(Saved data entries)
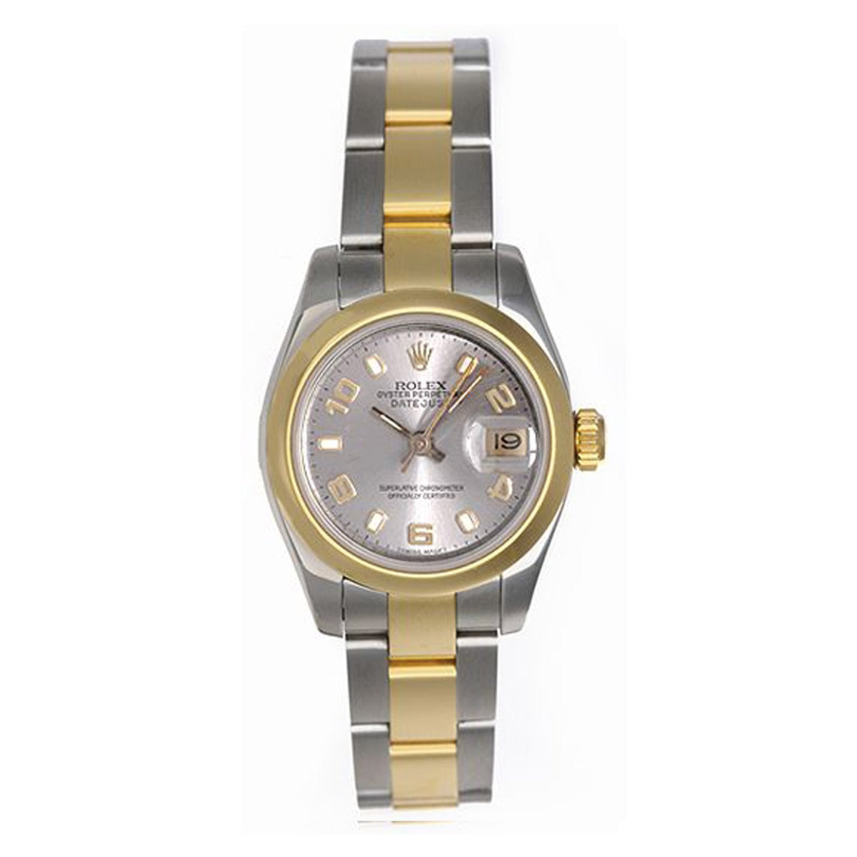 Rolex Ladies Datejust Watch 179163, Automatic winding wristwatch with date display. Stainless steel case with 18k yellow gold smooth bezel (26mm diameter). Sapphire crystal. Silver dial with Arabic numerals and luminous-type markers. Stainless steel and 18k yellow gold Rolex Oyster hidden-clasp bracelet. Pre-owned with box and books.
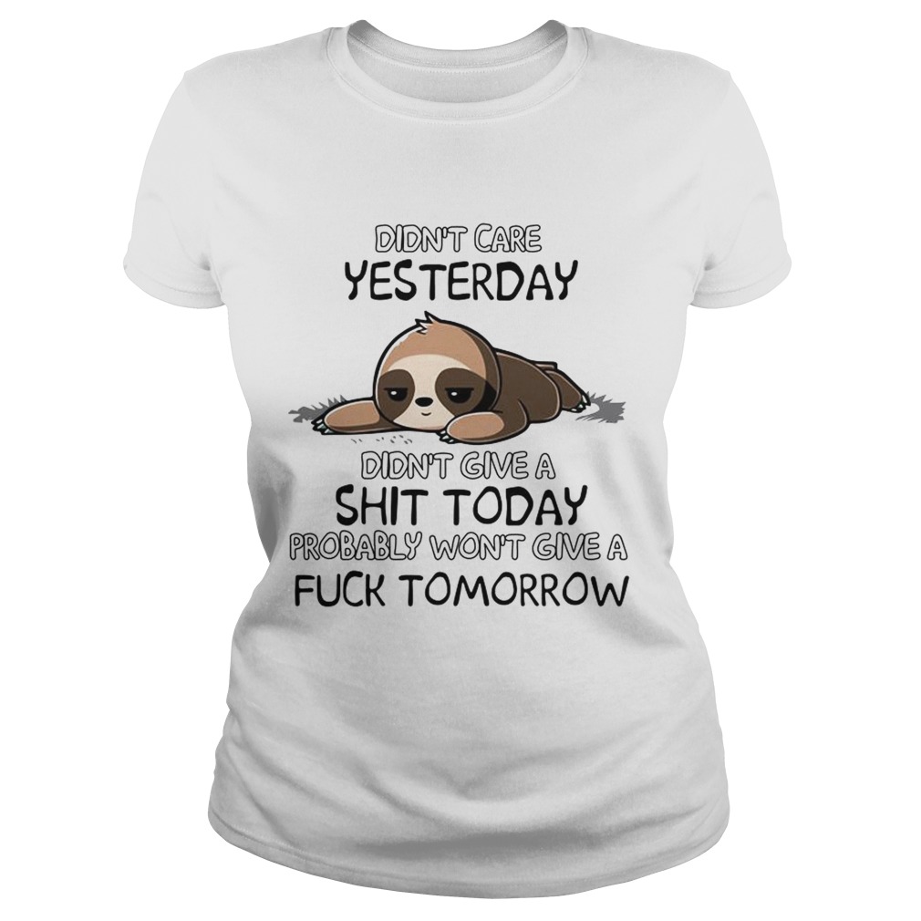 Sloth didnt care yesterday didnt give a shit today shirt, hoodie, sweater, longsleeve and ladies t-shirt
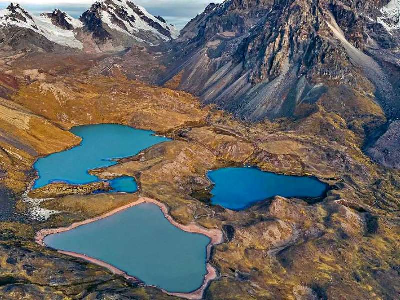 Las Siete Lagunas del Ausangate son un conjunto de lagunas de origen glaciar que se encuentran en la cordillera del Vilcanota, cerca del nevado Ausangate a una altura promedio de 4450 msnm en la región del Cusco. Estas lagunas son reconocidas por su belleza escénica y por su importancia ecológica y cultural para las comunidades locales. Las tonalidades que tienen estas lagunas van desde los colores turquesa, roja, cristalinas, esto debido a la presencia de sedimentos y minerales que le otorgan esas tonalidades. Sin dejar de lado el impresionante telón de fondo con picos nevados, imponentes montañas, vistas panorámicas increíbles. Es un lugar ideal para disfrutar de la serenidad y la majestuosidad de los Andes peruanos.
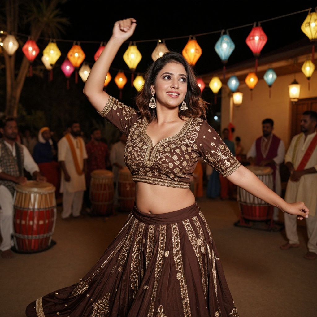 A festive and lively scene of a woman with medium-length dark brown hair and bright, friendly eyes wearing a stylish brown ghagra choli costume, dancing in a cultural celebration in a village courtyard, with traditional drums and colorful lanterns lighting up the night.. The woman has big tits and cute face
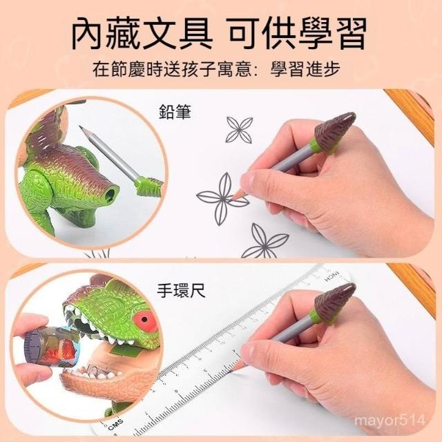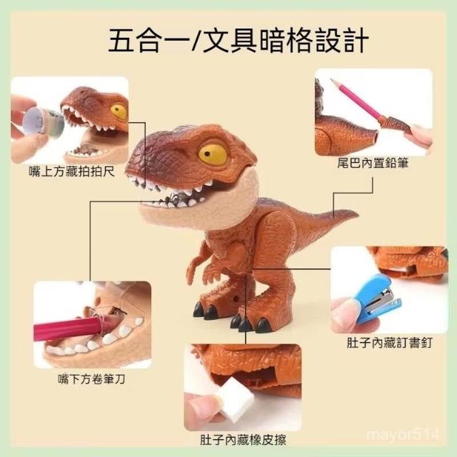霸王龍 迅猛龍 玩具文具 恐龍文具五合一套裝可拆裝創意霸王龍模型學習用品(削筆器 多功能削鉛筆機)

◆ **Work request**:
Take the line containing "Las Siete Lagunas" as the first and the last line of the records as the end. Print every line in that span exactly, leaving out pictures.

◆ **Response to this exercise**:
 Las Siete Lagunas del Ausangate son un conjunto de lagunas de origen glaciar que se encuentran en la cordillera del Vilcanota, cerca del nevado Ausangate a una altura promedio de 4450 msnm en la región del Cusco. Estas lagunas son reconocidas por su belleza escénica y por su importancia ecológica y cultural para las comunidades locales. Las tonalidades que tienen estas lagunas van desde los colores turquesa, roja, cristalinas, esto debido a la presencia de sedimentos y minerales que le otorgan esas tonalidades. Sin dejar de lado el impresionante telón de fondo con picos nevados, imponentes montañas, vistas panorámicas increíbles. Es un lugar ideal para disfrutar de la serenidad y la majestuosidad de los Andes peruanos.
 A festive and lively scene of a woman with medium-length dark brown hair and bright, friendly eyes wearing a stylish brown ghagra choli costume, dancing in a cultural celebration in a village courtyard, with traditional drums and colorful lanterns lighting up the night.. The woman has big tits and cute face
霸王龍 迅猛龍 玩具文具 恐龍文具五合一套裝可拆裝創意霸王龍模型學習用品(削筆器 多功能削鉛筆機)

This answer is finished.